Claudine, la femme de Pierre, nous a confié que les Dentelles Vives sont inspirées des Dentelles de Montmirail, où Pierre aimait grimper. Un auteur s’inspire de tout ce qu’il a pu voir. Nos dessinateurs de décors sont en cela des auteurs, ils ont chacun des sources d’inspiration propres, et, après lecture des descriptions, chacun a tricoté les éléments manquants en respect de l’œuvre originale et en fonction de sa sensibilité.
Si les décors sont beaux c’est que nos décorateurs sont talentueux et sensibles à la poésie de Pierre ! ;)
Avez-vous eu l’occasion d’échanger avec Jean-Louis Thouard, l’illustrateur des livres de Pierre Bottero ? Quelle place ont occupé ses travaux dans vos recherches ?
Claire DIJKMAN, responsable littéraire sur le projet :
Nous n’avons ni contacté Jean-Louis Thouard ni les illustrateurs des BD d’Ewilan et d’Ellana.
Il était important pour nous de partir d’une page blanche. De laisser à nos auteurs graphiques le pouvoir de l’imagination intact. L’idée n’a jamais été de copier ou de s’inspirer d’un autre auteur graphique, mais bien de repartir de l’auteur original : celui qui a posé les mots sur sa vision et qui nous a offert l’espace nécessaire pour la création.
Nos échanges avec Caroline Westberg, éditrice qui a porté Pierre tout au long de son écriture, nous ont beaucoup conforté sur la volonté que Pierre avait de laisser le lecteur voir ce qu’il voulait. Certaines descriptions ont été voulues incomplètes pour que chacun puisse se sentir libre et puisse utiliser son imagination. Ce cadeau nous l’avons également fait à nos dessinateurs.
Quelle partie du scénario a été la plus difficile à adapter ?
Claire DIJKMAN, responsable littéraire sur le projet :
Nous n’en sommes pas encore à cette étape.
Le travail avec les scénaristes n’en est qu’au commencement car beaucoup de choix doivent être faits en amont avant de se lancer dans l’adaptation, épisode après épisode. Encore une fois, le diffuseur va aussi orienter l’écriture.

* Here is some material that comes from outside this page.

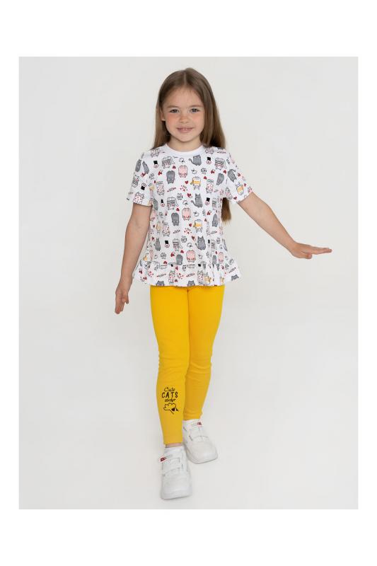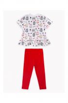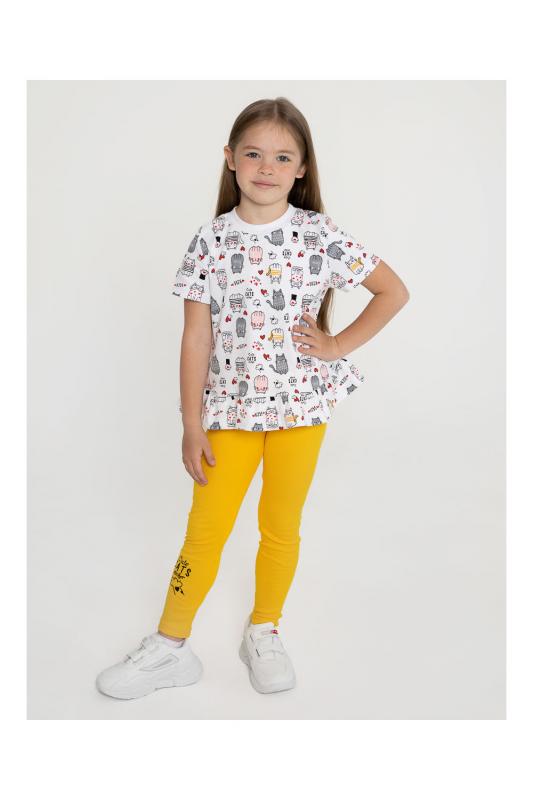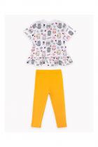 для более старших девочек, состоящий из футболки и лосин, предназначен для летней прогулки. Отличный вариант на каждый день.Лосины оформлены принтом-шелкография на ткани
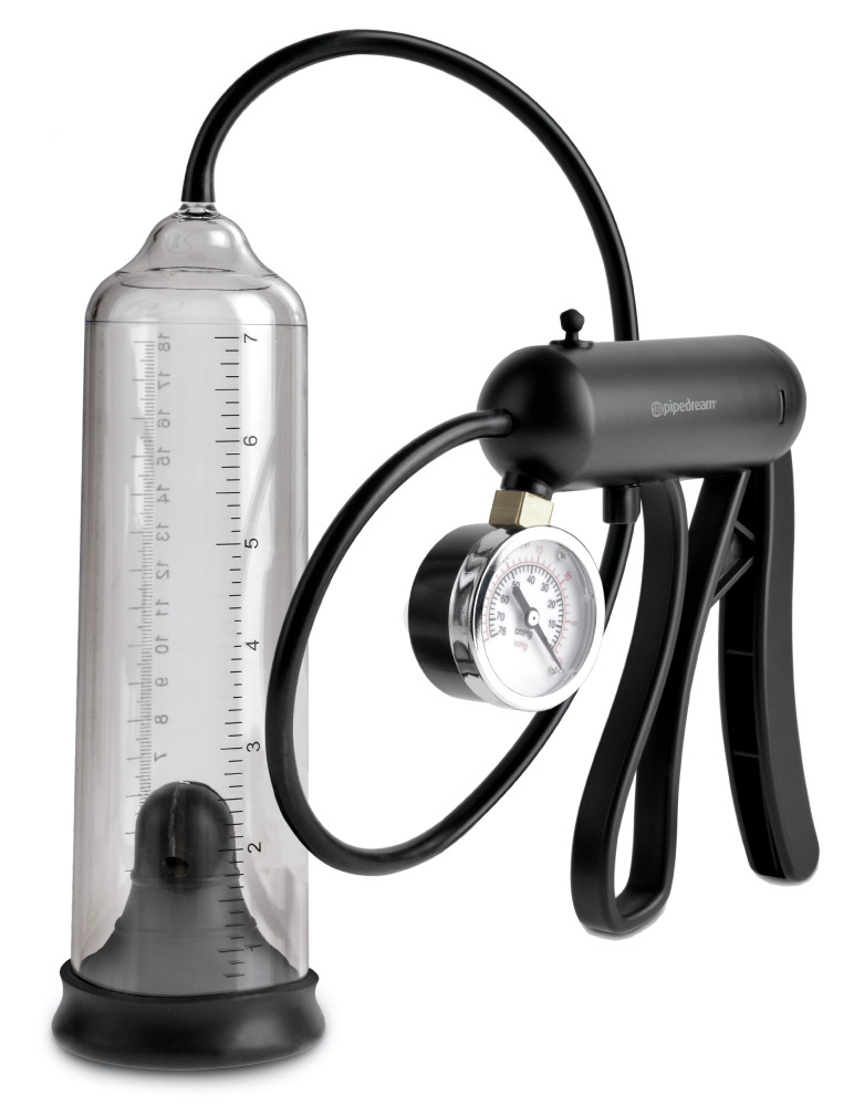 Férfiaknak ajánlott, hímvesszőre helyezendő henger alakú készülék, mely a hozzá kapcsolt pumpával fokozza annak vérbőségét. Egyszerűen helyezze be a péniszét a vákuumhenger csövébe, nyomja össze az EZ-markolat fogantyúját, és nézze meg, hogy az fokozatosan növekszik.A puha PVC hüvely tökéletesen szoros tömítést képez a bőrrel szemben, és erős vákuumot hoz létre a kamrában, ami erekciót eredményez. Az átlátszó vákuumhenger láthatóvá teszi az etredméynt, míg a könnyen leolvasható mérőeszközzel megtudhatja, hogy mekkora nyomást pumpált.Ha elérte a kívánt méretet, egyszerűen nyomja meg a gyorskioldó pisztolyt a fogantyú tetején, hogy azonnal enyhítse a nyomást, és máris készen áll a játékra!Tisztítása : minden használat előtt és minden használat után a hengert langyos szappanos vízzel és segédeszköz tisztítóval kell lemosni.

Actuellement, le plus dur a été de choisir l’angle d’approche. Nous avons opté pour celui choisi par Pierre, partir de l’une des premières phrases du roman : “son esprit de jeune surdouée analysait la situation”.
Nous voulons parler de cette façon bien particulière que ces enfants à haut potentiel, ces zèbres (jargon français), ces personnes “gifted”, ont de percevoir notre monde, les relations, la justice, les émotions. Cette approche est en accord avec le fait que Pierre était un de ces adultes à haut potentiel et que ce sujet est particulièrement présent dans son entourage puisqu’aujourd’hui une de ces filles travaille auprès de ce public. Nous suivrons donc Camille dans cette particularité pour vivre avec elle ses aventures avec son regard sur les choses.
Après, beaucoup de questions vont se poser notamment sur le “Dessin” : ses métiers, ses utilités, ses limites, ses lois. Car si pour Pierre, ça coulait de source dans son cheminement mental, pour une équipe de scénaristes, il faut retrouver la logique, résoudre les facilités et renforcer la dramaturgie.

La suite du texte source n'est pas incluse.